**Task description:** Below are entries with pictures among them; reproduce exactly, and only, the lines from the one containing "В целом трафик" down to the one containing "are the names", without the pictures.

**Entries supplied:**
----
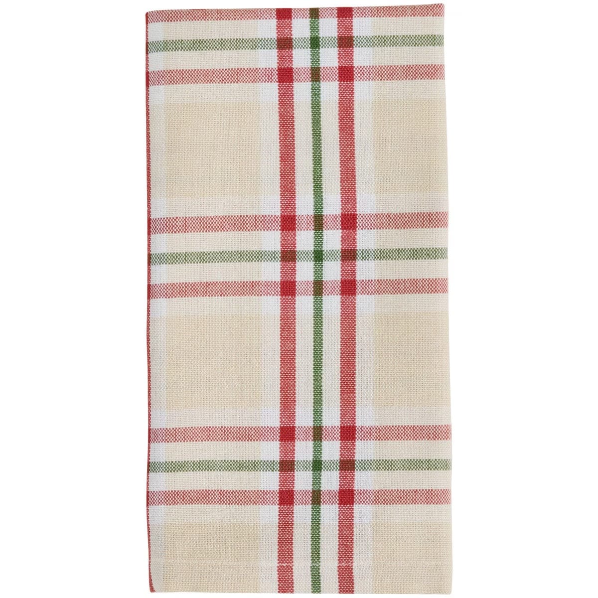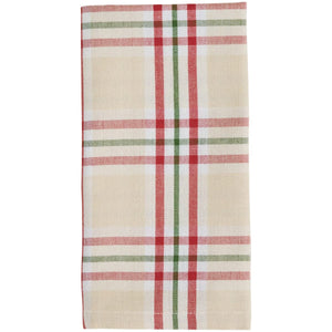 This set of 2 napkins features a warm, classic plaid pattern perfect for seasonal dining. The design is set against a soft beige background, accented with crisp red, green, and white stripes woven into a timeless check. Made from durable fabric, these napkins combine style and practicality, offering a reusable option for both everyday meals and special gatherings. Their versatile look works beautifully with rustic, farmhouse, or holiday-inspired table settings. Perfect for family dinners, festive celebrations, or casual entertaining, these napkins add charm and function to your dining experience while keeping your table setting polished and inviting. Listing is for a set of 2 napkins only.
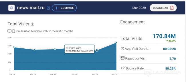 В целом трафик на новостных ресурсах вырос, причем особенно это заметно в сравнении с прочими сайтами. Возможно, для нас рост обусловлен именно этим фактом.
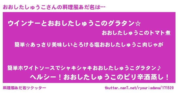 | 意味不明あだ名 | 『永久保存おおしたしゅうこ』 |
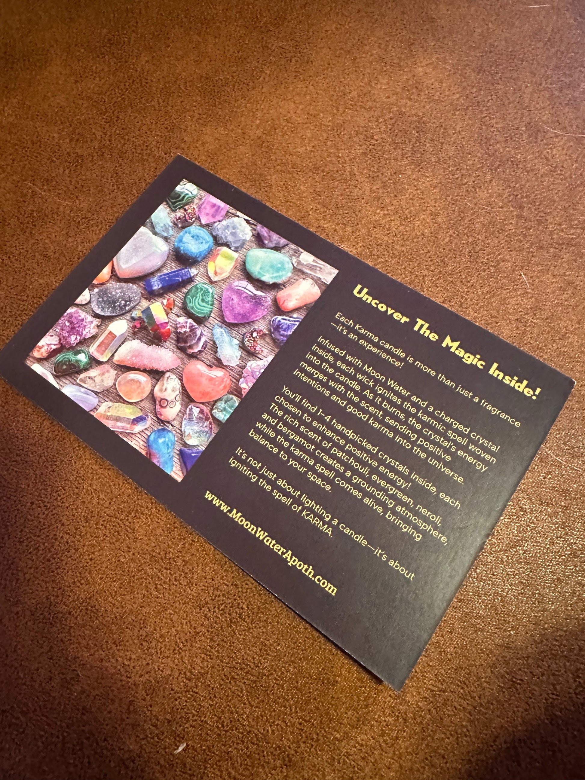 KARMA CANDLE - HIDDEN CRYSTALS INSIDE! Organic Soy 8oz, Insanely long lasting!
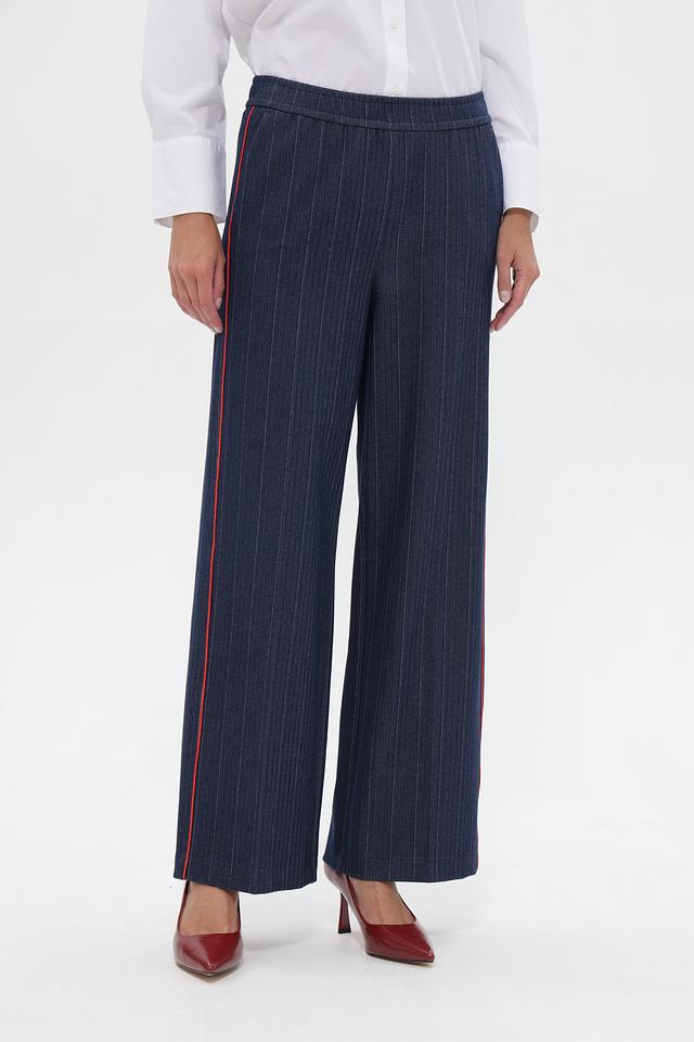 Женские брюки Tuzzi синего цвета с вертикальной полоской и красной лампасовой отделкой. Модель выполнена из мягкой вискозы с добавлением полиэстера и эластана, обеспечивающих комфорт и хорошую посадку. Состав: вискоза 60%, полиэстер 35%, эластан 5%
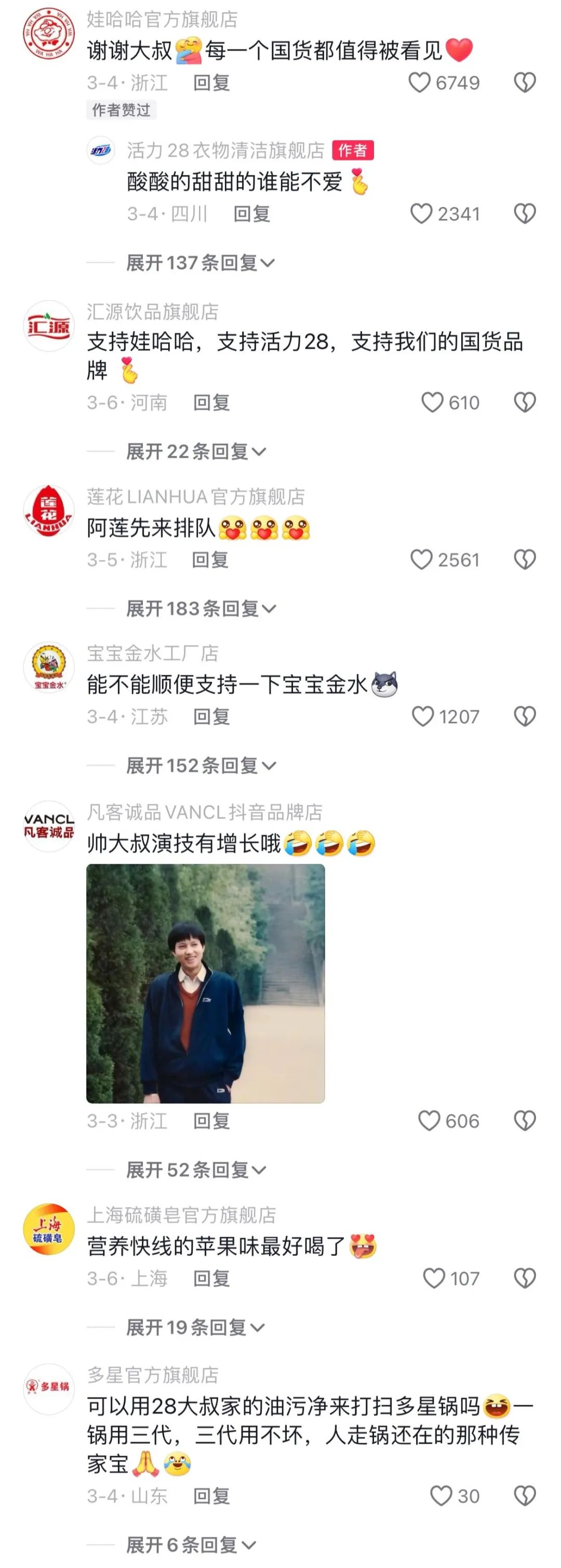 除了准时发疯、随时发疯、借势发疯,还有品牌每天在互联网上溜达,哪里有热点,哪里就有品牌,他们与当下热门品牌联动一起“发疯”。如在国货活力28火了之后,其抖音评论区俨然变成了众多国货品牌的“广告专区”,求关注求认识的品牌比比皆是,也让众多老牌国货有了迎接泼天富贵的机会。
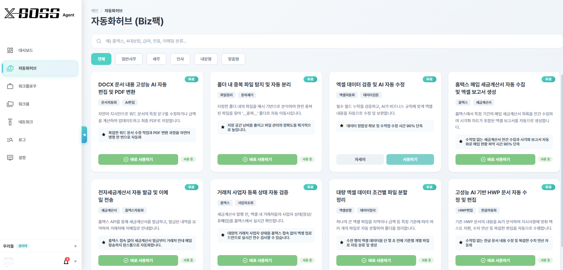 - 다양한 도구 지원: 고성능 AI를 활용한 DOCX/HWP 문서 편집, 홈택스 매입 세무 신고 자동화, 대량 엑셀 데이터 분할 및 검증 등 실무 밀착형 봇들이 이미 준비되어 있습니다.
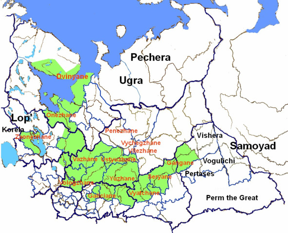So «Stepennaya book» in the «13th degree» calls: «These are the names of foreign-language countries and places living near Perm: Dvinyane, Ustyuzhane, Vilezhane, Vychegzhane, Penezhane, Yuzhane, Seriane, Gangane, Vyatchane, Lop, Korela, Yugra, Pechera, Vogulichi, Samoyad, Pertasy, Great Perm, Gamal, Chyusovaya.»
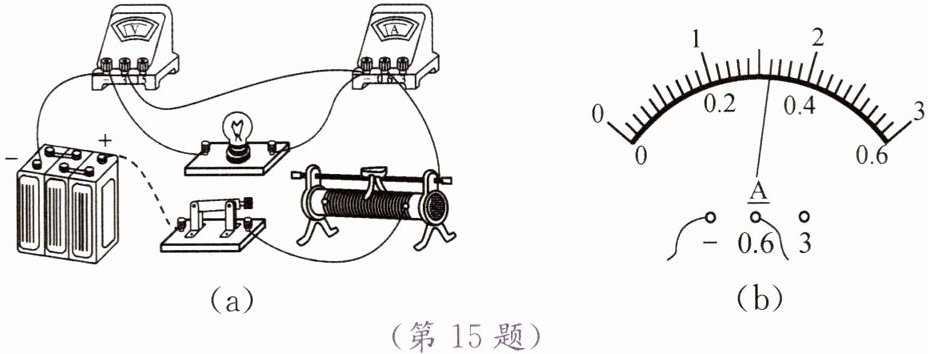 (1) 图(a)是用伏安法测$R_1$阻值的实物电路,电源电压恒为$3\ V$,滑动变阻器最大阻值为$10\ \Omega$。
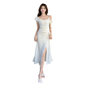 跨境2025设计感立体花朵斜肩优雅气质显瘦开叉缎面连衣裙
----
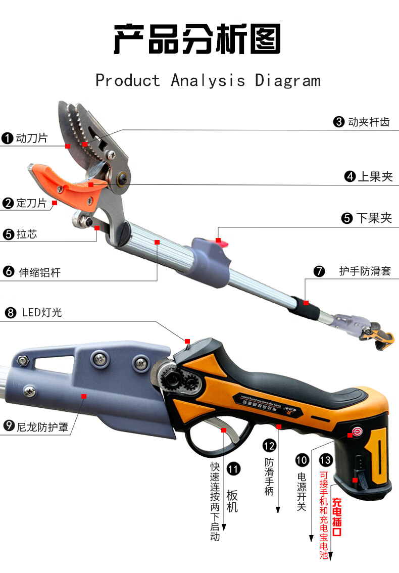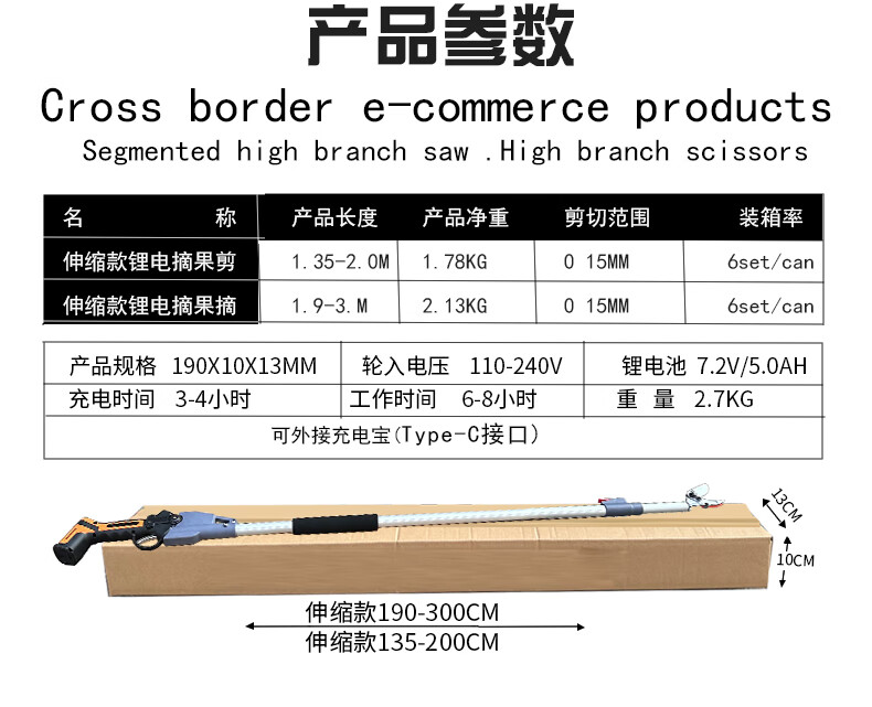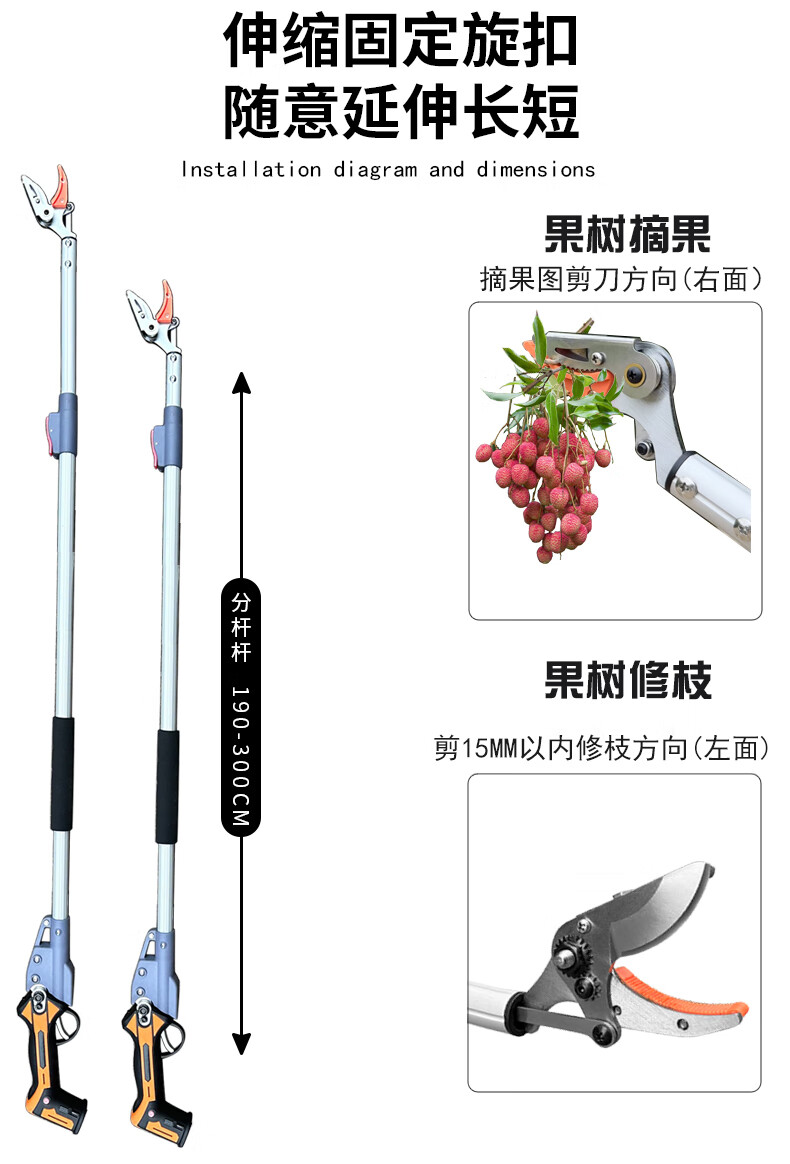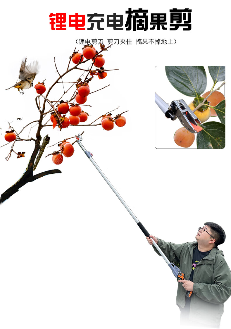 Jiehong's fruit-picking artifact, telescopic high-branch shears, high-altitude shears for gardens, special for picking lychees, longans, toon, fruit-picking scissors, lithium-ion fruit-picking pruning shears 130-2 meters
----
**Result of this exercise:**
 В целом трафик на новостных ресурсах вырос, причем особенно это заметно в сравнении с прочими сайтами. Возможно, для нас рост обусловлен именно этим фактом.
 | 意味不明あだ名 | 『永久保存おおしたしゅうこ』 |
 KARMA CANDLE - HIDDEN CRYSTALS INSIDE! Organic Soy 8oz, Insanely long lasting!
 Женские брюки Tuzzi синего цвета с вертикальной полоской и красной лампасовой отделкой. Модель выполнена из мягкой вискозы с добавлением полиэстера и эластана, обеспечивающих комфорт и хорошую посадку. Состав: вискоза 60%, полиэстер 35%, эластан 5%
 除了准时发疯、随时发疯、借势发疯,还有品牌每天在互联网上溜达,哪里有热点,哪里就有品牌,他们与当下热门品牌联动一起“发疯”。如在国货活力28火了之后,其抖音评论区俨然变成了众多国货品牌的“广告专区”,求关注求认识的品牌比比皆是,也让众多老牌国货有了迎接泼天富贵的机会。
 - 다양한 도구 지원: 고성능 AI를 활용한 DOCX/HWP 문서 편집, 홈택스 매입 세무 신고 자동화, 대량 엑셀 데이터 분할 및 검증 등 실무 밀착형 봇들이 이미 준비되어 있습니다.
So «Stepennaya book» in the «13th degree» calls: «These are the names of foreign-language countries and places living near Perm: Dvinyane, Ustyuzhane, Vilezhane, Vychegzhane, Penezhane, Yuzhane, Seriane, Gangane, Vyatchane, Lop, Korela, Yugra, Pechera, Vogulichi, Samoyad, Pertasy, Great Perm, Gamal, Chyusovaya.»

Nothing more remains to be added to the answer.